The estate consists of 280 acres of vineyards in four locations all within the Niagara-on-the-Lake region. Two of the vineyards are located in the sub-appellation of St. David’s Bench [the appellation was actually named after Paul’s vineyard there], and two are in the Four Mile Creek sub-appellation. Today Paul Sr still has an active role in the vineyards, his son Paul Jr is President of the estate, and Paul Jr’s wife Michèle is the Director of Marketing. In addition to being recognized for their progressive, groundbreaking work with traditional French grapes and methods, their wines have garnered accolades for their balance, finesse and quality.

Philosophy: “We are custodians of the land.” Crafting wines that are “food friendly and age worthy. We hope you will call them delicious”.

FullSizeRender 4

A balanced approach to oak ageing is utilized, all of the French oak barrels are at a medium toast and used multiple times.

Winemaking: Committed from the very beginning to sustainable practices, the family is a charter member of Sustainable Winegrowing Ontario. Chemical treatments are never used, and sustainable methods such as hedge vine canopies, and under drainage are utilized. Naturally occurring yeasts are used for the majority of the wines. All by-products from the winemaking process [stems, skins, seeds] are returned to the vineyards as natural fertilizer. Their extensive cellars are geothermal and do not require any heating or cooling, especially impressive considering how cold Canadian winters can be. In years where the weather wasn’t the kindest to their warmer climate red wine grapes, they will declassify; “We would much rather you be delighted with a wine that over delivers at $19.95 than be disappointed with a $40.00 wine that wasn’t up to our quality standards”.

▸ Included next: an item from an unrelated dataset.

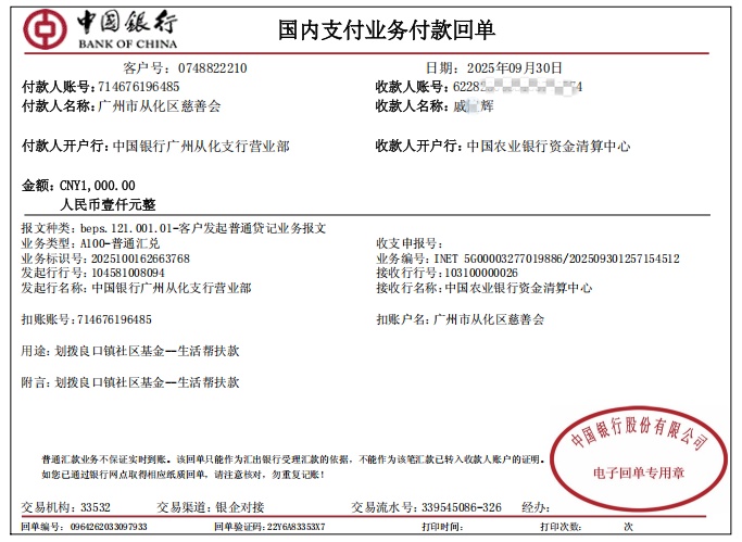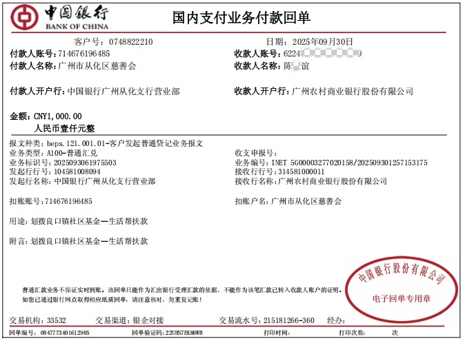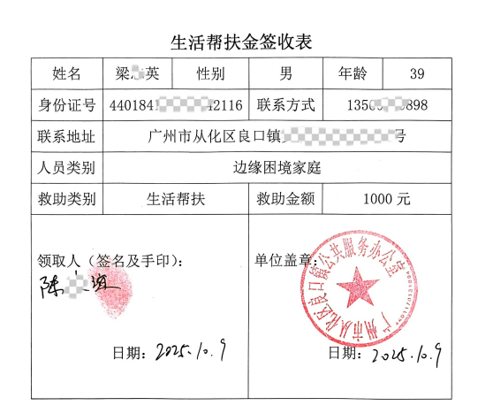 梁*英,男,少沙村人,一家5口人,与父母、妻子及女儿共同居住。父母无业,妻子在四九市一工厂务工,女儿在石岭幼儿园就读中班。服务对象于2024年初查出肝癌并开始接受抗癌治疗,于2025年8月12日去世。服务对象自患病后,给家庭留下50多万的债务,家庭因此疾病和变故导致陷入困境。良口镇社区基金对其进行1000元的生活帮扶。

Château des Charmes Aligoté Niagara on the Lake VQA 2014
Tasting Notes: Vibrant green apple and tart pear are dusted with freshly grated lime zest. A streak of clean minerality abides thru the crisp finish. Light and refreshing, this is an engaging sip on its own or with light dishes.
100% Aligoté
12.8% Alcohol

Château des Charmes ‘Droit’ Gamay Noir St David’s Bench VQA 2012
‘Droit’ is actually an indigenous Canadian Gamay clone, born right in the Chateau des Charmes vineyard. For more information on this fascinating occurrence, click here.

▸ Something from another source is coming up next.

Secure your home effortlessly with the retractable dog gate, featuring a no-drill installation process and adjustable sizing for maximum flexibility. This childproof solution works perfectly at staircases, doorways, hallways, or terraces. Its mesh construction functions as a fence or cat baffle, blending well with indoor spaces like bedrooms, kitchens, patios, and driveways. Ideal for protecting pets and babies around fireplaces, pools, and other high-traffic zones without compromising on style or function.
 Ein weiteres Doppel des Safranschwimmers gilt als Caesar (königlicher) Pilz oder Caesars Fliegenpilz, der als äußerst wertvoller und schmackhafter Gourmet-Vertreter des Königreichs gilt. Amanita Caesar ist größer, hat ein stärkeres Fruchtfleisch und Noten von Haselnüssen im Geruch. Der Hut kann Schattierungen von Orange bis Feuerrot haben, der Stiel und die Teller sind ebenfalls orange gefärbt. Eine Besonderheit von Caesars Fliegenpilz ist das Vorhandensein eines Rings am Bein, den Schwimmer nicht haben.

Tasting Notes: Clear garnet in colour with sweet spices and black currant radiating with each swirl. Bright tart fruit, [think blackberry, red currant] highlight a mineral driven, earthy backbone. A dash of crushed pink peppercorn lengthens the clean, dry finish. A substantial Gamay with a food friendly acidity make this a lovely companion with a wide variety of dishes.
100% Gamay
13% Alcohol

FullSizeRender 3

Lots of self control here to not open up any of the taps on the stainless steel tanks in the geothermal cellar.